Она едва слушала, словно болтаю чепуху. Недолюбливала философствующих.
– Зачем тебе все это?
– Не знаю. Такой родился. А писанина – для меня лишь повод.
– Ну и пиши. Только незаметно для меня.
– Я и так урывками, по ночам.
– Ты должен помогать людям. Тогда узнаешь, кто ты на самом деле.
– Наконец, у нас установились нормальные отношения.

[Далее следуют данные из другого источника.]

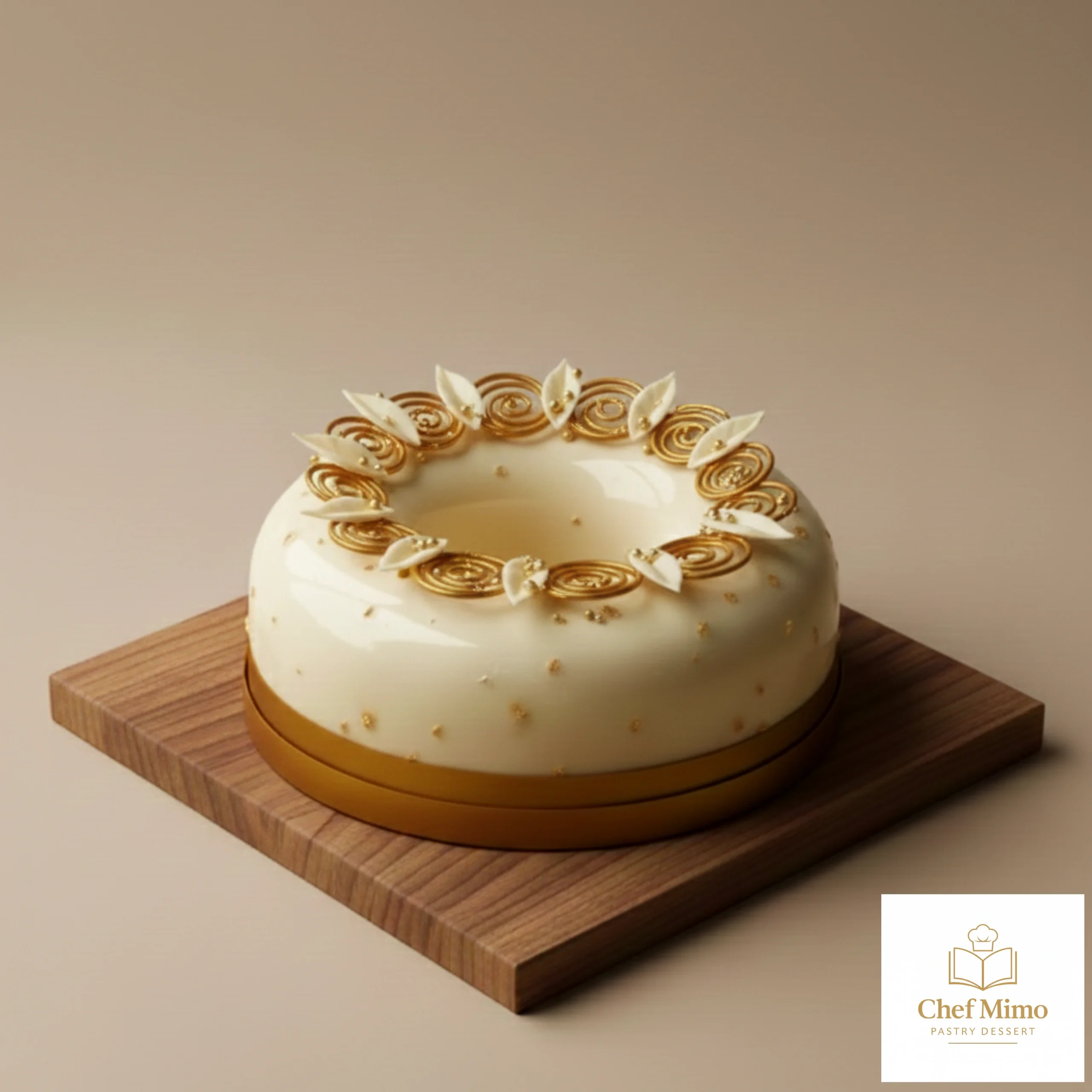 - Final Garnish: Decorate with small gold flakes, securing them with a little glucose syrup.

– Реальные, – поправила она.
Разговаривать не было смысла.
Униженный, я долго не мог заснуть.
***
Когда авторы пишут, вдруг спотыкаются: слова застревают в стыках, как у Л. Толстого, не знавшего, как изобразить Анну, входящую в дом Облонских, пока он не нашел выход, поставив ее перед зеркалом в прихожей. Или «затыки» у Чехова, когда доходил до середины повествования.
А во мне был сплошной «затык». Как оживить объект, сделать его живым и трепетным, уходя в вольную ощупь метафоры?
И не мог уйти от плоских тупых фотографий реальности, туда, где, как писал Гоголь, громоздятся т и п ы людей и целых эпох, которые двигают громадой истории. И оттуда выглядели мелко и ничтожно мои переживания настоящего, одиночество в отчужденном мире, романтические взлеты туда, в пустынное исцеление, где жизни нет.
Мое графоманство, аскетизм трудоголика, прячущегося от непонятной реальности, неудачи на работе, – все это было до встречи с ней, диковинной птицей, с ее прямотой и честностью. А сейчас появились настоящие слова, когда стал дорожить чем-то. Я осознал, что могу любить.
Когда я стал писать
С того времени я начал бороться с натурализмом в моем сознании. Это означало уйти из душевной пустоты, в которой не чувствую друзей и врагов. Улавливать дух народа – это чувствовать, чтó ему надоело, осточертело, и то, что кажется ему стабильным, на что можно твердо опереться.